Prof. Molly Stevens FRS FREng - After postdoctoral research at MIT, in 2004 Molly joined Imperial College London as a lecturer and was promoted to Professor in 2008 making her one of the youngest Professors ever in the history of the institution. She is Fellow of 7 societies including the Royal Society and Foreign Member of the National Academy of Engineering (USA).Professor Stevens’ multidisciplinary research has been recognised by over 30 major prizes and balances the investigation of fundamental science with the development of technology to address some of the major healthcare challenges. Her work has been instrumental in elucidating the bio-material interfaces. She has contributed a broad portfolio of biomaterials for applications in disease diagnostics and regenerative medicine. She holds numerous leadership positions including Director of the UK Regenerative Medicine Platform ’Smart Acellular Materials’ Hub.

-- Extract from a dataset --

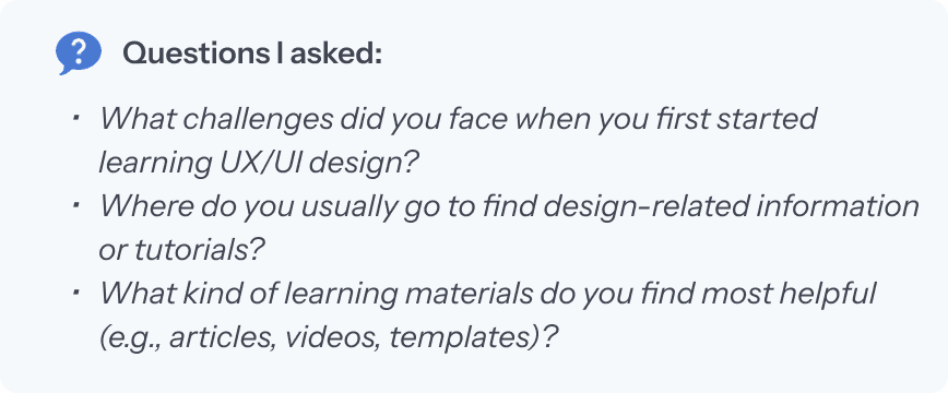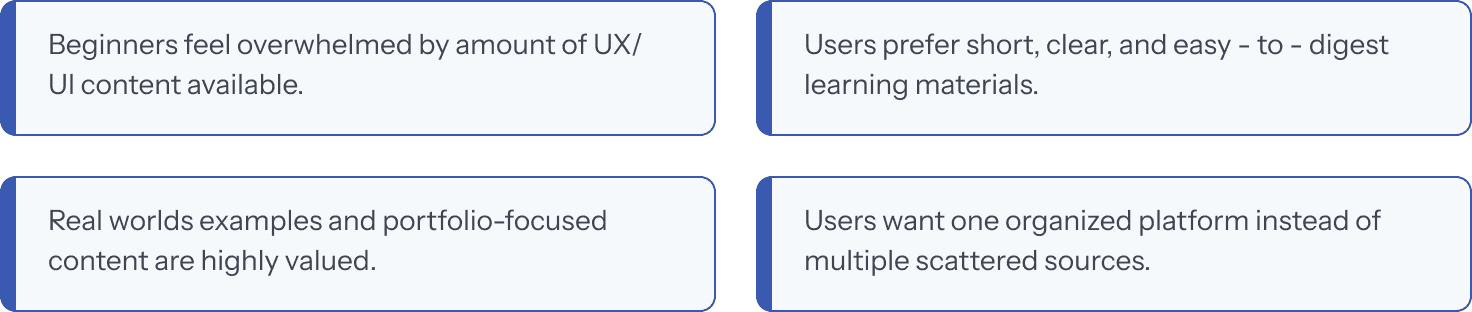 To understand the needs of beginner UX/UI designers, my teammate and I interviewed students and junior designers. We organized key insights using affinity mapping and reviewed existing learning platforms to identify strengths and gaps.

Jonathan (Jo) is a senior independent advisor helping organisations delivery solutions and new business models within the ESG / Impact area focused on Alternative Protein (Plant and Cell Based Meats), the Blue Economy and the Energy Transition across strategy, innovation, operating models to the raising of capital. He is an entrepreneur (with a track record from ideation, M&A to generating strategic value), been a Consultant (previously a Partner at Accenture) and held various NED roles working across the private and public sector. Jo is also passionate about the environment and supporting the development of new business models to protect our oceans and land. This includes setting up a warm water, indoor, shrimp farm in the UK (hormone and anti-biotic free) to reduced mangrove swamp destruction and helping to develop a new digitally native food ecosystem that will deliver provenance and traceability across the supply chain for the production of nutritional food working in harmony with nature.